Algorithmic Interpretability

Learning Objectives

1. Define what it means for an algorithm to be interpretable and highlight key ways that the definition is subjective and user-dependent.

2. Describe the accuracy-interpretability tradeoff and why it is observed in many real-world algorithms.

3. Reflect on the role of interpretability in algorithms used in clinical practice.

Food for Thought: Interpretability or Accuracy?

Suppose I ask you the following question: is 99 a prime number? Which of the following generated answers is more helpful to you?

1. No, 99 is not a prime number.
2. Yes, 99 is a prime number. To figure out if a number is prime we can list out all of the numbers that are greater than 1 and less than or equal to the square root of input number. In our case, the numbers that satisfy these criteria are 2 through 9 inclusive. We then see if the original number is divisible by any of the numbers in this list - if not, then the number is prime. Otherwise, the number is composite. 99 is not divisble by any of 2 through 9 inclusive. Therefore, we can conclude from that 99 is prime.

Would your answer to this question change if the original question posed instead was what disease does this sick patient in front of me have?

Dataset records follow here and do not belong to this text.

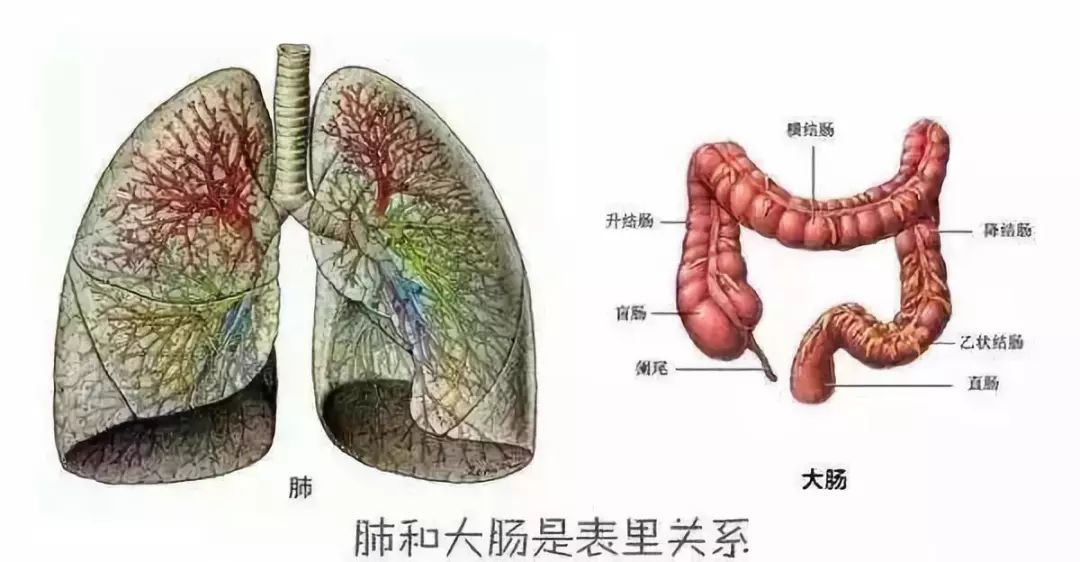 中医学认为肺与大肠相表里,也就是说关系极密切,肺气主肃降(吸气),当空气进入肺时,横膈膜也下降此时会挤压肝脏,迫使肝脏排出血液进入大肠周围因此而产生推进力,心移热于小肠,小肠受热后乃可消化食物,残渣及水进入大肠,因大肠在小肠的上方,故大肠中的水受小肠之热而生气化,此蒸汽再返回入肺,而生口水。
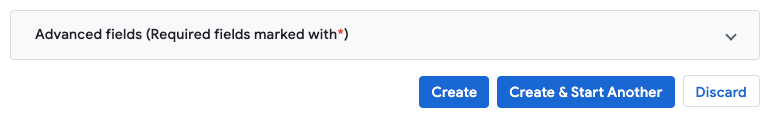 ऐडवांस फ़ील्ड पैनल को टॉगल करके, इन फ़ील्ड को देखा जा सकता है. ऐडवांस फ़ील्ड पैनल सिर्फ़ तब दिखता है, जब आपके पास समस्याओं में बदलाव करें की अनुमति हो. ज़्यादातर मामलों में, समस्या बनाते समय ऐडवांस फ़ील्ड छोड़े जा सकते हैं. हालांकि, कुछ कॉम्पोनेंट के लिए आपको वैल्यू डालनी होंगी. अगर ऐसा होता है, तो ऐडवांस फ़ील्ड सेक्शन अपने-आप दिखता है. साथ ही, ज़रूरी फ़ील्ड को स्टार (*) के निशान से मार्क किया जाता है.
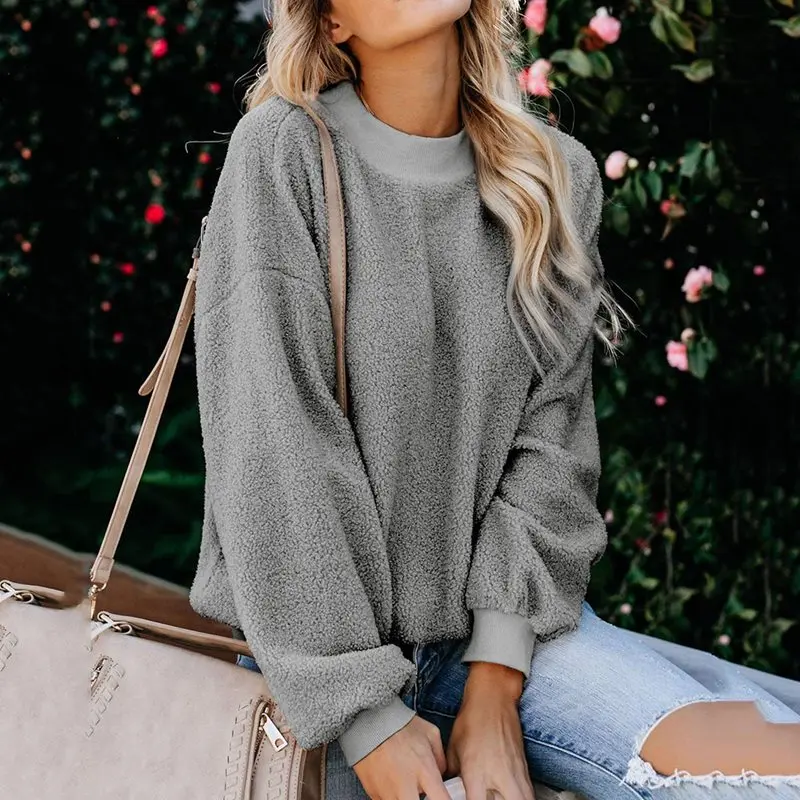 Зимние 2019 Для женщин вельветовые худи топы свободного кроя с длинным рукавом пуловер, Свитшот Тедди сплошной цвет густой шерсти толстое теплое повседневное пальто с капюшоном
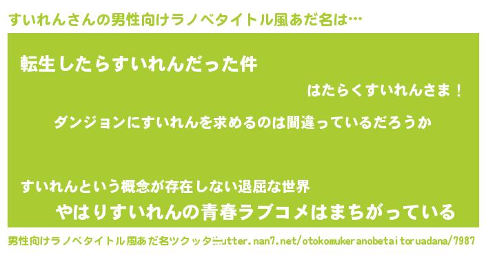 ヘコむあだ名 | 『すいを』『豆乳』『すいれん(笑)』 |
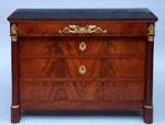 #372: EMPIRE ORMOLU MOUNTED MAHOGANY COMMODE The black & white fossilized marble top above a case fitted with 4 long drawers flanked by ormolu
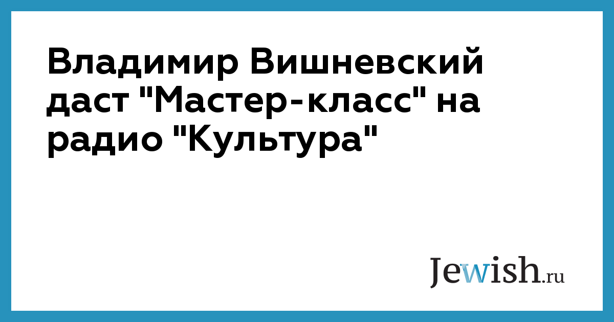 Владимир Вишневский даст "Мастер-класс" на радио "Культура"
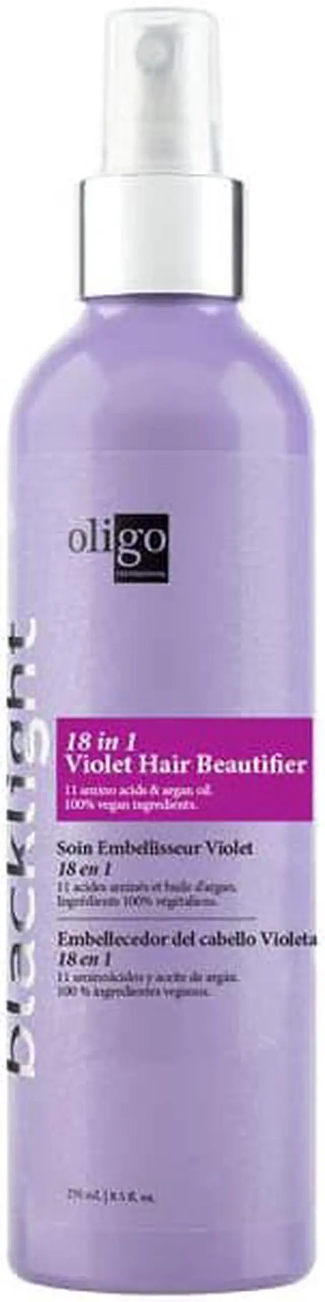 The Oligo Blacklight 18 in 1 Violet Hair Beautifier is the ideal spray to maintain a perfect blonde! It prepares, protects and beautifies while offering 18 essential benefits. PLUS, it tones unwanted yellow and copper tones to restore your highlights and keep your blonde shining!
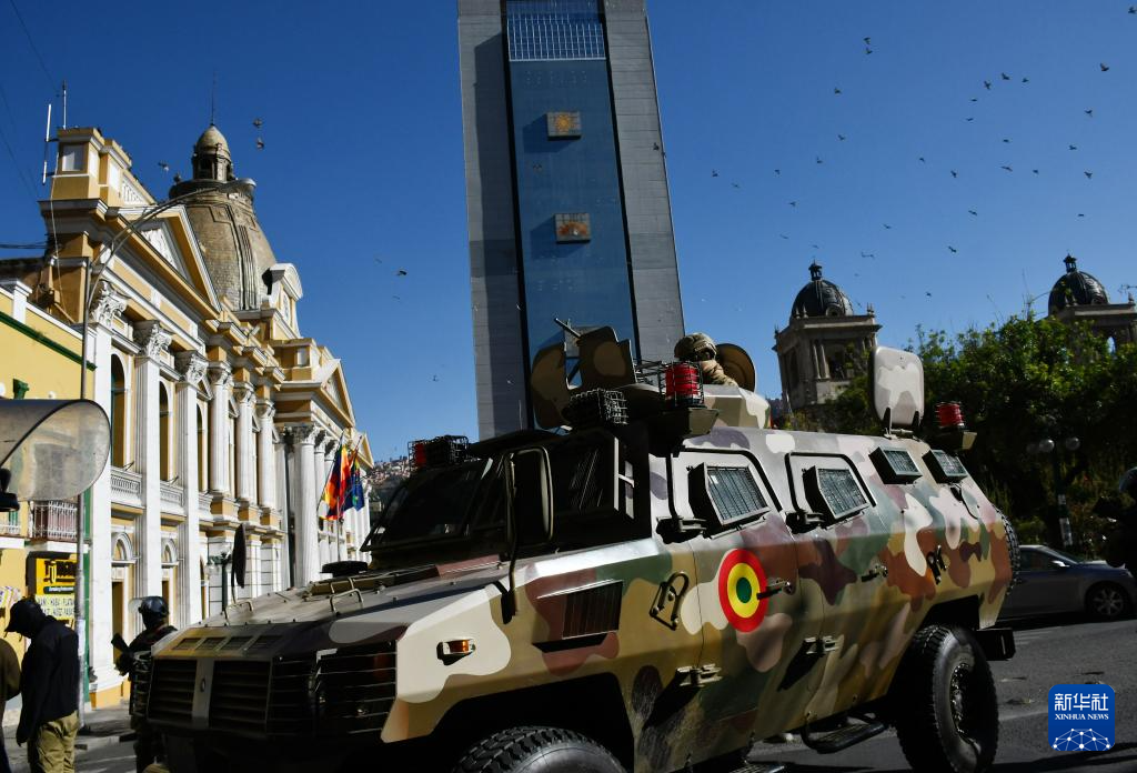 6月26日,在玻利维亚拉巴斯,军用车辆停在总统府附近的街道上。
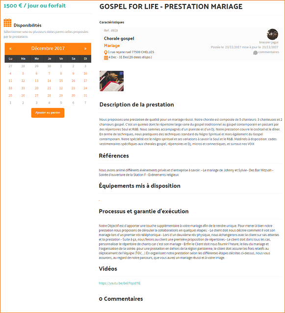 NB : Le processus et garantie exécution, une information indispensable de l’annonce, consiste à les étapes de la mise en œuvre de la prestation : les informations attendues et interactions avec le client, les étapes de la prestation, la fin de la prestation et les livrables. N’hésitez pas à vous inspirer de nos conseils et recommandations pour bien construire votre annonce.
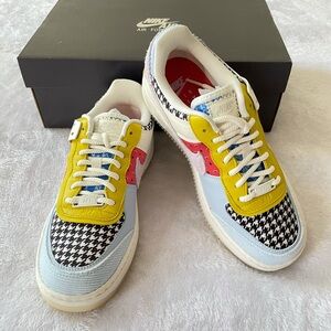 Elevate your style. Corduroy, neoprene, suede and houndstooth-printed leather come together to create a unnique and multi-dimensional take on the AF1 Shadow.

Which is more important to you: getting the right answer (accuracy) or understanding how to approach similar problems in the future (interpretability)?

What is Interpretability?

Unlike our past few modules defining topics like fairness and anonymity exactly, it is challenging to give a rigorous, objective definition of interpretability. One commonly cited definition is interpretability is the degree to which a human can understand why an algorithm made its prediction.¹ If an algorithm is interpretable, then it is easier for someone to understand why certain predictions were made. Note that the definition of interpretability is entirely independent from the the accuracy of the algorithm - we only seek to explain why an algorithm made its own prediction, which may or may not be necessarily correct.

¹ Miller T. Explanation in artificial intelligence: Insights from the social sciences. Art Intel 267: 1-38. (2019). doi: 10.1016/j.artint.2018.07.007

However, even this definition of interpretability remains underspecified.² For example, here are some other factors of algorithmic design that are closely related to - if not paramount for - interpretability:

² Lipton ZC. The mythos of model interpretability. Proc ICML Workshop on Human Interpretability in Machine Learning. (2016). 10.48550/arXiv.1606.03490

1. Trust: What is an objective notion of trust? Is it confidence that a model will perform well? Do you care about how often an algorithm is correct, or for which inputs the algorithm is correct for?
2. Causality: Can we use algorithms to learn potential hypotheses about the world around us? Is this important in labelling a model as interpretable?
3. Transferrability: Do algorithms generalize to new patient populations? Can we predict when an algorithm might generalize and when it won’t? How might deployment of models alter the user’s environment to simultaneously invalidate the model?
4. Informativeness: As previously explored in the Food for Thought discussion above, is it more important for you to have an explanation to approach future problems, or to get the correct answer? Does the model serve the role of an oracle, a colleague, or a mentor?
5. Fair and Ethical Decision Making: How can we be sure that predictions do not discriminate on the basis of race, age, gender, and other patient attributes?

A recent study described a machine learning algorithm showing that patients are less likely to die from pneumonia if they also had asthma. Why might this be the case? Would you want to deploy this system in the ED?

In 2015, Caruana et al. showed that concurrent asthma was a predictor of lower risk of death in patients with pneumonia. This is because physicians that knew about the patient’s asthma history always always treated these asthmatic patients more agressively. As a result, asthmatic patients paradoxically had lower death rates from pneumonia.

Imagine that we naively implement this model for patient triage without understanding the reasoning behind its predictions. In this case, model deployment would prevent physicians from treating asthmatic patients more agressively because the model would label these patients as having a low risk of death. In other words, deploying the model would actually end up invalidating the model and hurt patients!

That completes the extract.